### [WHAT TO WORK ON]
Set down, word for word, every line of the material below from the one containing "为认真贯彻落实党委(党组)意" through the one containing "MADAMEMALLA Gweny PO", but none of its pictures.

### [INPUT RECORDS]
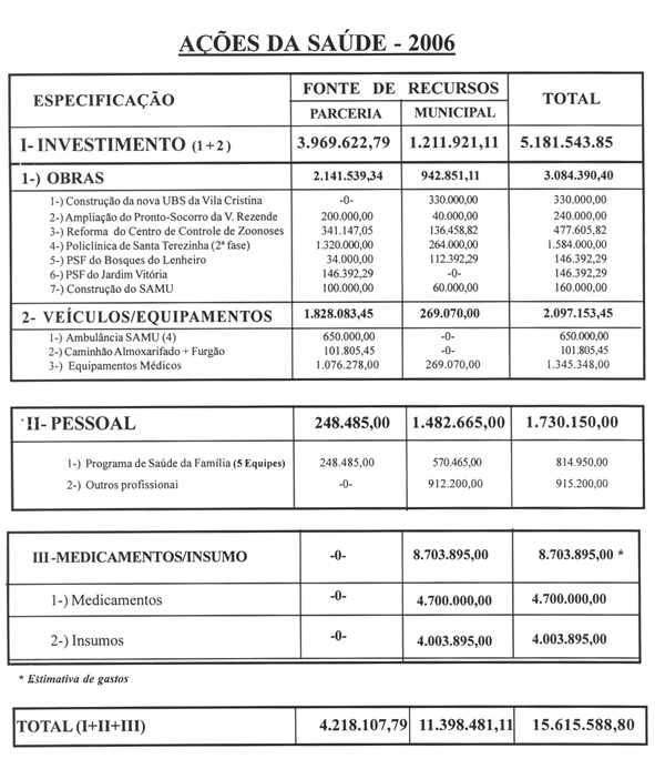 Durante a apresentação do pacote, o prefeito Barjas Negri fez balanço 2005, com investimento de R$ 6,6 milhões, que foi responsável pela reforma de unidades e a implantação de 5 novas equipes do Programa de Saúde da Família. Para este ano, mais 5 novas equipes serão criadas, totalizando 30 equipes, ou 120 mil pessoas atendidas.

...

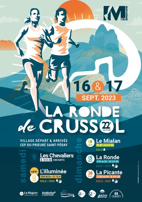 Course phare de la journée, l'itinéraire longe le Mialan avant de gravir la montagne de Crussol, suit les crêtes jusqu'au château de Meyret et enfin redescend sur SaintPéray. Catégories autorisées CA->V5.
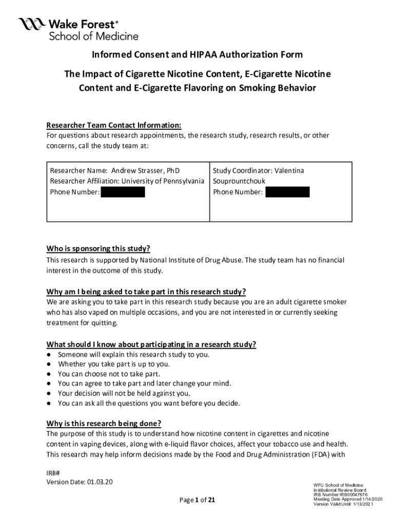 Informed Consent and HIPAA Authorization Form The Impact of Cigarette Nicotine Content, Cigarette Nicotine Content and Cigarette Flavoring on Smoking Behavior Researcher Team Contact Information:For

...

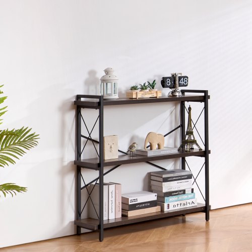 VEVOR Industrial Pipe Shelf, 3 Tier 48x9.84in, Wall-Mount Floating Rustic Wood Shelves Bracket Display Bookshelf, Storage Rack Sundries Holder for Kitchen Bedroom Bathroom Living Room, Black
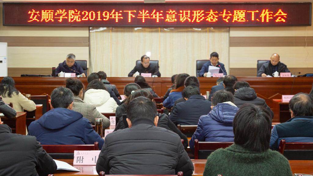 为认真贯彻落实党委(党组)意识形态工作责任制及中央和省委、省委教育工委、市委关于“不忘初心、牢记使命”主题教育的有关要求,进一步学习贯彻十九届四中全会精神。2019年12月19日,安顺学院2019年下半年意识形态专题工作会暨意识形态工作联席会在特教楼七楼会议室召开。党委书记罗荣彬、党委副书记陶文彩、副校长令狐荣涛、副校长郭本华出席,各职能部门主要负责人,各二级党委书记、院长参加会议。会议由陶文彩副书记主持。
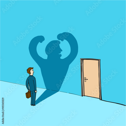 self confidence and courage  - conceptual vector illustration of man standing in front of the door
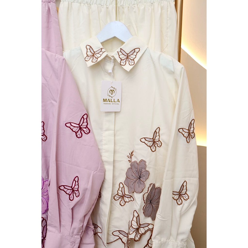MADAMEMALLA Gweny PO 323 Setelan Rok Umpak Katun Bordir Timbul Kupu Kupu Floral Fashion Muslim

### [PROBLEM SOLUTION]
 为认真贯彻落实党委(党组)意识形态工作责任制及中央和省委、省委教育工委、市委关于“不忘初心、牢记使命”主题教育的有关要求,进一步学习贯彻十九届四中全会精神。2019年12月19日,安顺学院2019年下半年意识形态专题工作会暨意识形态工作联席会在特教楼七楼会议室召开。党委书记罗荣彬、党委副书记陶文彩、副校长令狐荣涛、副校长郭本华出席,各职能部门主要负责人,各二级党委书记、院长参加会议。会议由陶文彩副书记主持。
 self confidence and courage  - conceptual vector illustration of man standing in front of the door
MADAMEMALLA Gweny PO 323 Setelan Rok Umpak Katun Bordir Timbul Kupu Kupu Floral Fashion Muslim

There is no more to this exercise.